The Madonna of the Mountains

Written by Elise Valmorbida
Review by Jasmina Svenne

This is the story of one woman’s struggles to maintain her marriage and particularly to protect her children during the Fascist Era and its immediate aftermath in 20th-century Italy. By 1923, at the age of 25, Maria Vittoria is considered almost too old to marry. It was her misfortune to be young during World War I, and her father refuses to let her marry anyone obviously scarred by the war against the Austrians. When her father finds an apparently strong, ambitious suitor for her, however, it is only the beginning of her trials. But no matter where she goes or what happens to her, her mother’s statue of the Madonna of the Mountains goes with her as her mentor and her conscience.
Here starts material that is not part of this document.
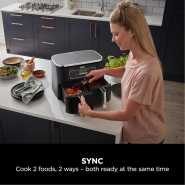 Ninja Foodi MAX 9.5L Dual Zone Digital Air Fryer, 2 Drawers, 6-In-1, Uses No Oil, Air Fry, Max Crisp, Roast, Bake, Reheat, Dehydrate, Cook 8 Portions, Non-Stick Dishwasher Safe Baskets, B 9.5 L 2470 W AF400ME – Black. Save up to 65% on your oven energy bill. Take mealtimes to the MAX with the large capacity air fryer that cooks 2 foods, 2 ways, and finishes at the same time. More than an air fryer. 6 ways to cook – Max Crisp, Roast, Bake, Reheat, Dehydrate and Air Fry. Introducing the ultimate mealtime solution, perfect for feeding the whole household. With a large capacity and 2 independent cooking zones, the Ninja Foodi MAX Dual Zone 9.5L Air Fryer does the thinking and timing for you. Mix and match cooking programs, times and temperatures across both drawers to create delicious meals in moments! SYNC to cook different foods in each drawer – both ready to serve at exactly the same time! MATCH settings across both drawers to double your serving size. Cook up to 25% more – easily fit a 2kg chicken in each drawer! Up to 75% faster than fan ovens. Up to 75% less fat than traditional frying methods. (Testing and calculations based on recommended cook time for sausages, using air fry function versus conventional ovens Compared to AF300ME, 7.6L Tested against fish fingers and sausages, including pre-heat. Tested against deep fried, hand-cut French fries.)

This is a sumptuously written book, even when it is portraying manual labour or the hardships of war. The author’s Italian-Australian background suggests that she has drawn upon family history to help her create the atmosphere of the time and the day-to-day life of an ordinary family in the Veneto region, whether farming in the mountains or shop-keeping in the plains below. Tiny details – about food, traditions, primitive methods of doing the laundry, or working with silkworms – come across as convincing in their precision. Anyone seeking a high-octane, break-neck rollercoaster of a novel should look elsewhere – this book is far too subtle and nuanced for that, even when dealing with potentially life-threatening situations as the Montanari family tries not to antagonise Fascists, Nazis, Partisans and those seeking post-war reprisals. The characters are complex and often at war with themselves, but also in many ways unknowable, in the way real people are. A novel to savour.